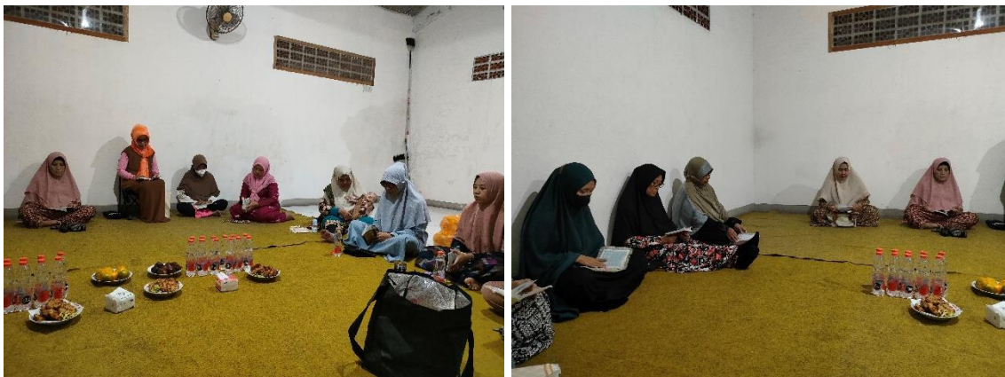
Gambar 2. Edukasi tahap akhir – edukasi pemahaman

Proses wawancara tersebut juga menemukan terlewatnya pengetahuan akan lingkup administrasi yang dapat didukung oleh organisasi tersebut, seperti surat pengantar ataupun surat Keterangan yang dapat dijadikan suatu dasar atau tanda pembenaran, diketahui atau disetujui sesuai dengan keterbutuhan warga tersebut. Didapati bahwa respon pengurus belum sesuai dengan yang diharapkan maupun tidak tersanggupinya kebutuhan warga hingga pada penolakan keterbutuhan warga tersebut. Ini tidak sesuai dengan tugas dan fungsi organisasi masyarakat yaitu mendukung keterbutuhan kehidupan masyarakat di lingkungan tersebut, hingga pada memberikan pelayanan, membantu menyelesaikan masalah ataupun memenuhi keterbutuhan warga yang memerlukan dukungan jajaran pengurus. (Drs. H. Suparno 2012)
---
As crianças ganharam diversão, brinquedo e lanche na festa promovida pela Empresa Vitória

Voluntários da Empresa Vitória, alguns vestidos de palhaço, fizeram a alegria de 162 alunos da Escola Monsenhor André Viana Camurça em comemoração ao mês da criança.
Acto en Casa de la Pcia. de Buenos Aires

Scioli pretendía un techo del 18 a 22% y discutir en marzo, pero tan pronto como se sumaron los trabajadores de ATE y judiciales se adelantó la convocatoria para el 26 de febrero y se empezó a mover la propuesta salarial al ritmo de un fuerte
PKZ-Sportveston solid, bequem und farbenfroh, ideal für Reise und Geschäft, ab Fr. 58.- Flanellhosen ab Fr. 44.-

[EXERCISE INSTRUCTIONS] Your answer should consist of the lines from the line with "Acto en Casa de la Pcia. de Buenos Aires" to the line with "PKZ-Sportveston solid, bequem" above, repeated exactly, both ends included.

[SOLUTION TO THE PROBLEM]
Acto en Casa de la Pcia. de Buenos Aires

Scioli pretendía un techo del 18 a 22% y discutir en marzo, pero tan pronto como se sumaron los trabajadores de ATE y judiciales se adelantó la convocatoria para el 26 de febrero y se empezó a mover la propuesta salarial al ritmo de un fuerte
PKZ-Sportveston solid, bequem und farbenfroh, ideal für Reise und Geschäft, ab Fr. 58.- Flanellhosen ab Fr. 44.-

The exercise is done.